Now the toilet flushes slow. The bowl fills quickly then drains slowly. I have tried the plunger without much luck and I also let it sit overnight. What can I do to bust up a pickle clog?


----------



## Alan (Apr 12, 2006)

http://cdn.stripersonline.com/e/e6/e6d96aac_closet-auger.jpeg


----------



## biggles (Jan 1, 2008)

if you can get a garden hose in there....:huh:wrap an old towel around the end of it push it down into the toilet keep it tight and let it rip....:wink: they will break down even some hot water


----------



## Total Tool (Dec 4, 2011)

Tried the garden hose. I couldnt get it to make the 180 turn. I didnt use a towel...? Not really sure what you meant by that. 

Is there anything else I can try before I go buy an auger? Do any places rent something like that? 

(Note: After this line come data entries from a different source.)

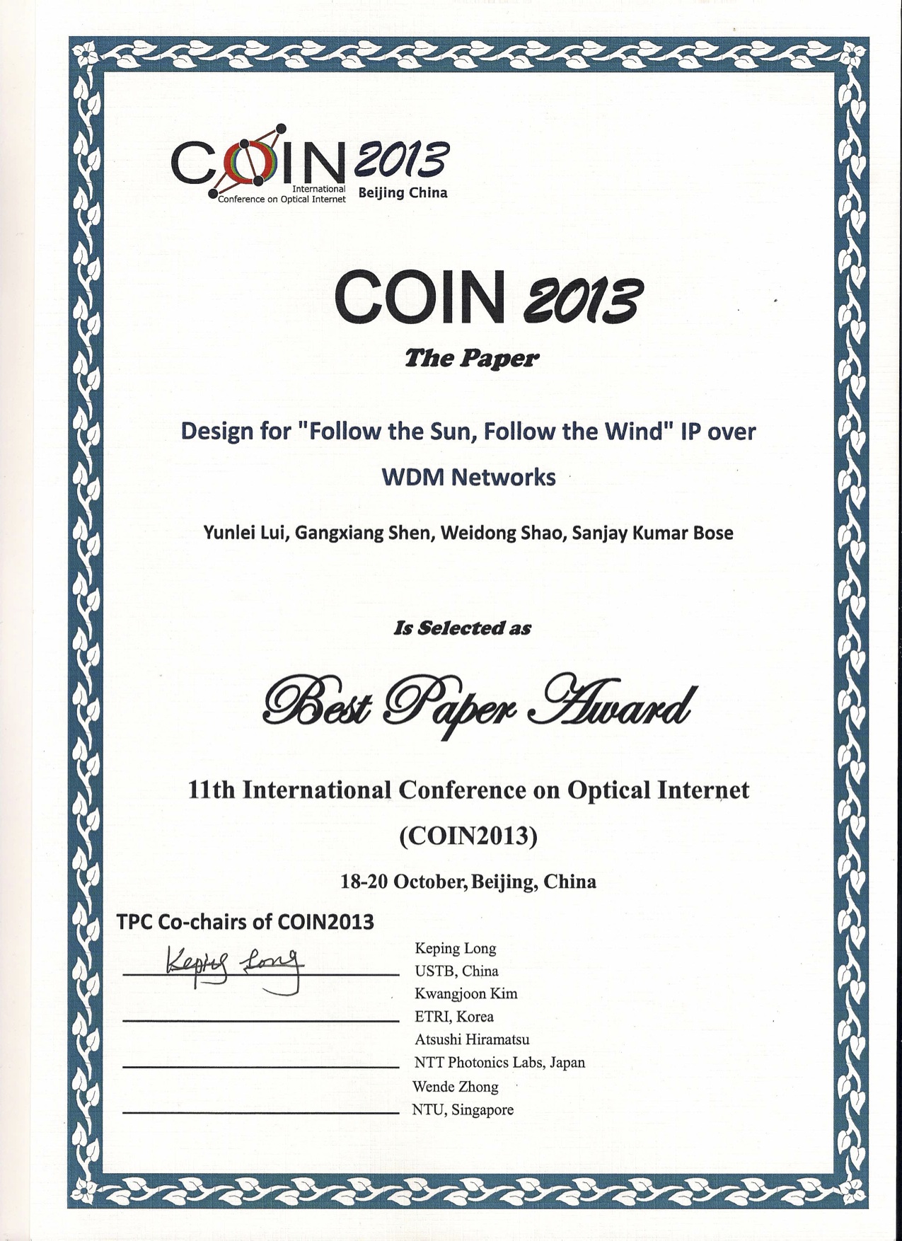 光网络技术研究中心研究生在COIN国际会议获最优论文奖
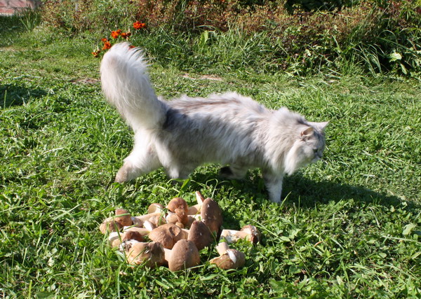 Специально размещаю фотку только самых маленьких грибов, чтобы пощадить самолюбие некоторых здесь присутствующих. Для соразмерного видения размеров грибочков кладу фотку рядом с 2-3 месячным котенком. Все собрано чисто в рабочее время, что несколько поднимает ценность результата.
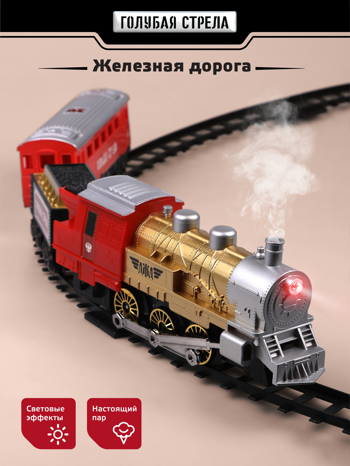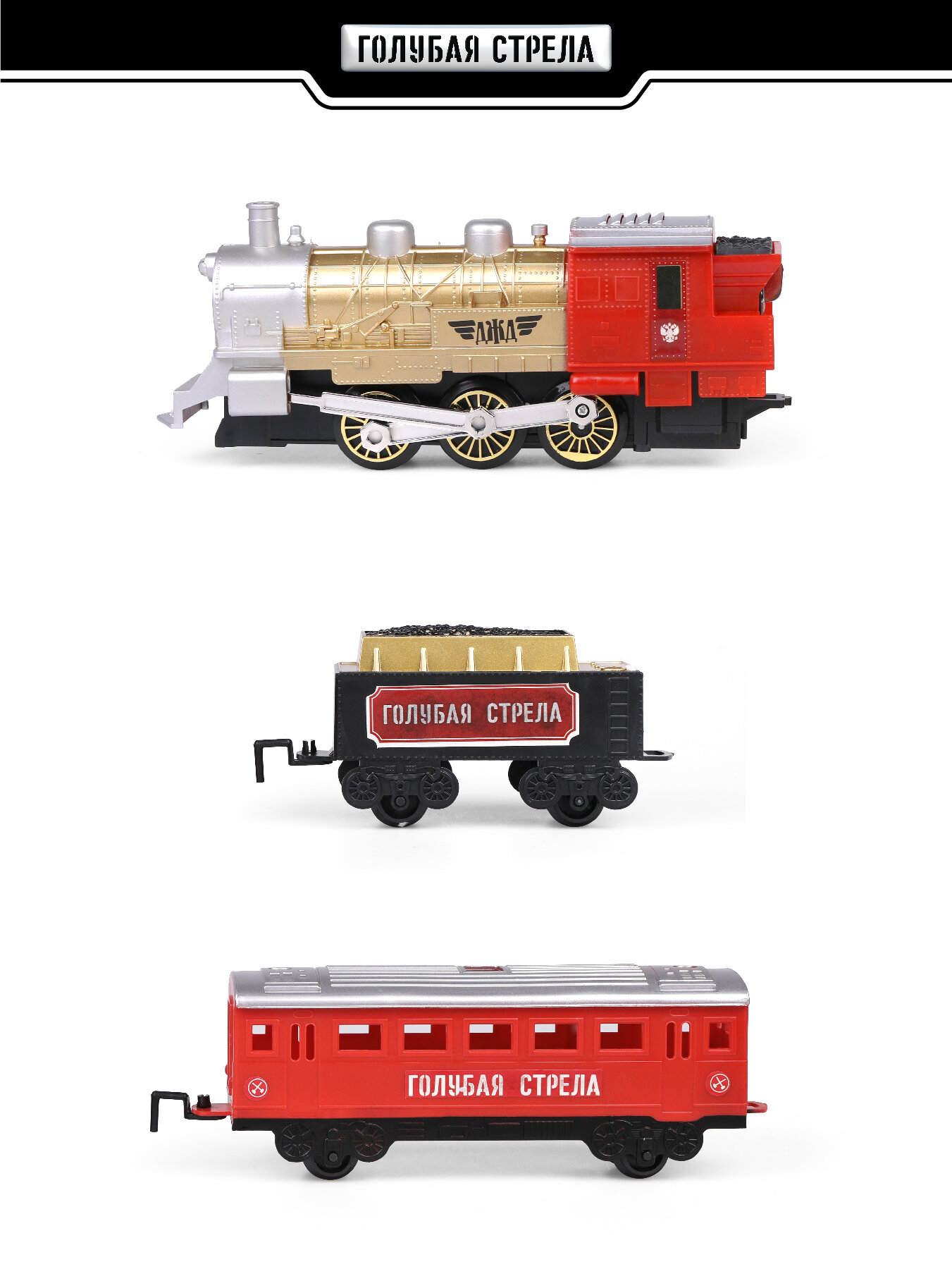 10 цен на Ж/д Голубая стрела, 282см, локомотив, тендер, вагон, свет, дым.

I'm thinking part of the problem is that its not a complete clog. I cant create any pressure with the plunger.


----------



## joecaption (Nov 30, 2011)

It would be just as cheap to just buy one.
Remove the toilet and tip it on it side and pick them out.
Install a new wax ring.


----------



## plummen (Jan 10, 2010)

Closet auger


----------



## biggles (Jan 1, 2008)

the trick is to wrap the wet towel at the end of the hose so all the water pressure goes down into the line not fill the toilet...not looking to snake the hose just pressurize the bowl trap...thats why the towel is used...


----------



## Total Tool (Dec 4, 2011)

Update: Hose trick failed. I bought a cheap toilet auger for $7 from my local menards and it did the trick in a few minutes. 

Kids, dont put pickles down the toilet:thumbup:


----------